7.       FINANCIAL REPORTING.

         (a) QUARTERLY FINANCIAL STATEMENTS. The Borrower shall furnish to the
Bank promptly, and in any case within sixty (60) days after the end of each of
the first three (3) Fiscal Quarters of each Fiscal Year, an unaudited
Consolidated balance sheet of the Borrower as at the end of that period and the
related unaudited Consolidated statements of income and cash flows, all prepared
in accordance with GAAP and otherwise in form and detail satisfactory to the
Bank.

         (b) ANNUAL FINANCIAL STATEMENTS. The Borrower shall furnish to the Bank
promptly, and in any case within ninety (90) days after the end of each Fiscal
Year, the Consolidated balance sheets of the Borrower and its Subsidiaries as at
the end of such Fiscal Year and the related Consolidated statement of income, of
shareholders' equity and of cash flows for such Fiscal Year, in each case
setting forth comparative figures for the preceding Fiscal Year, all in
reasonable detail and accompanied by the opinion with respect to such
Consolidated financial statements of independent public accountants of
recognized national standing selected by the Borrower and satisfactory to the
Bank, which opinion shall be unqualified and shall state that such accountants
audited such Consolidated financial statements in accordance with generally
accepted auditing standards, that such accountants believe that such audit
provides a reasonable basis for their opinion, and that in their opinion such
Consolidated financial statements present fairly, in all material respects, the
Consolidated financial position of the Borrower and its Subsidiaries as at the
end of such Fiscal Year and the Consolidated results of their operations and
cash flows for such Fiscal Year in conformity with generally accepted auditing
standards.

         (c) OFFICER'S CERTIFICATES. The Borrower shall furnish to the Bank
concurrently with the financial statements delivered in connection with clause
(a) and (b) above, a certificate of the chief financial officer of the Borrower,
in form and content specified by the Bank, (A) certifying that (1) to his or her
knowledge and belief, those financial statements fairly present in all material
respects the financial condition and results of operations of the Borrower
(subject, in the case of interim financial statements, to routine year-end audit
adjustments) and (2) no Event of Default or Incipient Default then exists or if
any does, a brief description thereof and of the Borrower's intentions in
respect thereof, and (B) setting forth the calculations necessary to determine
whether or not the Borrower and its Subsidiaries are in compliance with
financial covenants in Section 8 hereof.

         (d) QUARTERLY STATUTORY STATEMENTS. The Borrower shall cause each
Insurance Subsidiary to furnish to the Bank promptly, and in any case within
forty-five (45) days after the end of each of the first three (3) fiscal
quarters of such Insurance Subsidiary's fiscal year, its quarterly Statutory
Statement for such quarterly fiscal period, together with the opinion thereon of
a senior financial officer of such Insurance Subsidiary stating that such
Statutory Statement presents the financial condition of such Insurance
Subsidiary for the fiscal period in accordance with SAP.

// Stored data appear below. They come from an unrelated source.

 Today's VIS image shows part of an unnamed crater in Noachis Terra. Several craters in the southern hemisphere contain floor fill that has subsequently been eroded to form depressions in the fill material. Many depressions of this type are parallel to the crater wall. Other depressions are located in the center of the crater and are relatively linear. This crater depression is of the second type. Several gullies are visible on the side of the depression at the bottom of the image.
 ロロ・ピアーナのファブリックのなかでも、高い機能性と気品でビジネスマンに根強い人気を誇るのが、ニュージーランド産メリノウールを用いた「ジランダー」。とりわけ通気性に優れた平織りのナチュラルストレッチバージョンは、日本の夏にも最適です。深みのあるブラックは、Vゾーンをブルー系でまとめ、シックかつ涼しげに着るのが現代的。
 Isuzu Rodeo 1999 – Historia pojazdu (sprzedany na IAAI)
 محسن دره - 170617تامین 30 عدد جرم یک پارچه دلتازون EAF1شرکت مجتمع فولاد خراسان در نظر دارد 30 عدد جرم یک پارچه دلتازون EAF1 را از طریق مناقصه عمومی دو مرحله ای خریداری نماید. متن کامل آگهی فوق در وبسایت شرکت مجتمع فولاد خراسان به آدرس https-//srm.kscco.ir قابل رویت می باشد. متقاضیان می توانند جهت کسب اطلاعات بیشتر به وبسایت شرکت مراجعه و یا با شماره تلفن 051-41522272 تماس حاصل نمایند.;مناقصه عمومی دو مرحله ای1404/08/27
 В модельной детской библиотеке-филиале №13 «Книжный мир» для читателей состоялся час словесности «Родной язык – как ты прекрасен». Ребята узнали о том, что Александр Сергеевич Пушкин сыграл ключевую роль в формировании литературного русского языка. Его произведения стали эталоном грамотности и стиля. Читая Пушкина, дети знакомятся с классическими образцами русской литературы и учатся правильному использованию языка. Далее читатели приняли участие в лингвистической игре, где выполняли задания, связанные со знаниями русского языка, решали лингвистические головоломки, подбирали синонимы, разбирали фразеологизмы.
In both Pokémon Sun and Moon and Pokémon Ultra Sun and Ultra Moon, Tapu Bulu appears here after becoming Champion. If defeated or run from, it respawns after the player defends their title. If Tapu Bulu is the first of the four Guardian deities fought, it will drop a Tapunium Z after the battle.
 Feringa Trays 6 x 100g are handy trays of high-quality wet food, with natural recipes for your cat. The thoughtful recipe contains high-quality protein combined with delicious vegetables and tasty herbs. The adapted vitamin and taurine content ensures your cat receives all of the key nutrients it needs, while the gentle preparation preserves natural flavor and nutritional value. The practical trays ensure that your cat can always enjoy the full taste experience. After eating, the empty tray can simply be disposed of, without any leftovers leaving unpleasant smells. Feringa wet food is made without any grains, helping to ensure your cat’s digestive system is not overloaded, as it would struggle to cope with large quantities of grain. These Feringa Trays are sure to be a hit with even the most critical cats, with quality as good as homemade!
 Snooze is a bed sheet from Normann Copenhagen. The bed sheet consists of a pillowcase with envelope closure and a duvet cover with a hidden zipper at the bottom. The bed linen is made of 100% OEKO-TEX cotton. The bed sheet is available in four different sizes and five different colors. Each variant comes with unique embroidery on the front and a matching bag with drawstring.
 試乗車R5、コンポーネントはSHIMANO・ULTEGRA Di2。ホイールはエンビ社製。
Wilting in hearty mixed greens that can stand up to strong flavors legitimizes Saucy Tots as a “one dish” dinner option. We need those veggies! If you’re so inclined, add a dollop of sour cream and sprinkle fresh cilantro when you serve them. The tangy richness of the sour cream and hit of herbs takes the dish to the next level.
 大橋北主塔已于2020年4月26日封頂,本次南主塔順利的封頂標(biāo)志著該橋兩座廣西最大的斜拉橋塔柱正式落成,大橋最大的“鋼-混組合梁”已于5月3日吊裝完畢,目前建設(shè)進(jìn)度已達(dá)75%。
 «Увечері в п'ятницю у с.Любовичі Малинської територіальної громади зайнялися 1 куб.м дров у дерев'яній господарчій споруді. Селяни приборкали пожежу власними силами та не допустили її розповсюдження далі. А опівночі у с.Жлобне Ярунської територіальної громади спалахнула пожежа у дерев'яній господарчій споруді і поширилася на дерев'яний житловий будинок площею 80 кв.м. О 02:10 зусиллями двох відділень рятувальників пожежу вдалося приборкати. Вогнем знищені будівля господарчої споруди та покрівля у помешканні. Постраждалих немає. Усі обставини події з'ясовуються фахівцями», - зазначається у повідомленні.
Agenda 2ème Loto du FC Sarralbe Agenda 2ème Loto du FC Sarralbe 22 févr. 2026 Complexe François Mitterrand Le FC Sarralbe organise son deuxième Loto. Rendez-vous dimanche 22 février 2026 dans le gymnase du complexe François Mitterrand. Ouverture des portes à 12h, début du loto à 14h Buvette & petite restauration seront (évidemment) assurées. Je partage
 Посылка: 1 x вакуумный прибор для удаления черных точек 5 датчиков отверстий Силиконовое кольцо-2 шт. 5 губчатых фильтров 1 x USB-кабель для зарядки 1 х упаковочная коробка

         (e) ANNUAL STATUTORY STATEMENTS AND CERTIFICATE OF VALUATION ACTUARY.
The Borrower shall cause each Insurance Subsidiary to furnish to the Bank
promptly, and in any case within ninety (90) days after the end of each fiscal
year of such Insurance Subsidiary, (i) its annual Statutory Statement for such
annual fiscal period, together with the opinion thereon of a senior financial
officer of such Insurance Subsidiary stating that such Statutory Statement
presents the financial condition of such Insurance Subsidiary for the fiscal
period in accordance with SAP and (ii) a certificate of a valuation actuary
affirming the adequacy of reserves taken by such Insurance Subsidiary in respect
of future policyholder benefits at the end of such fiscal year.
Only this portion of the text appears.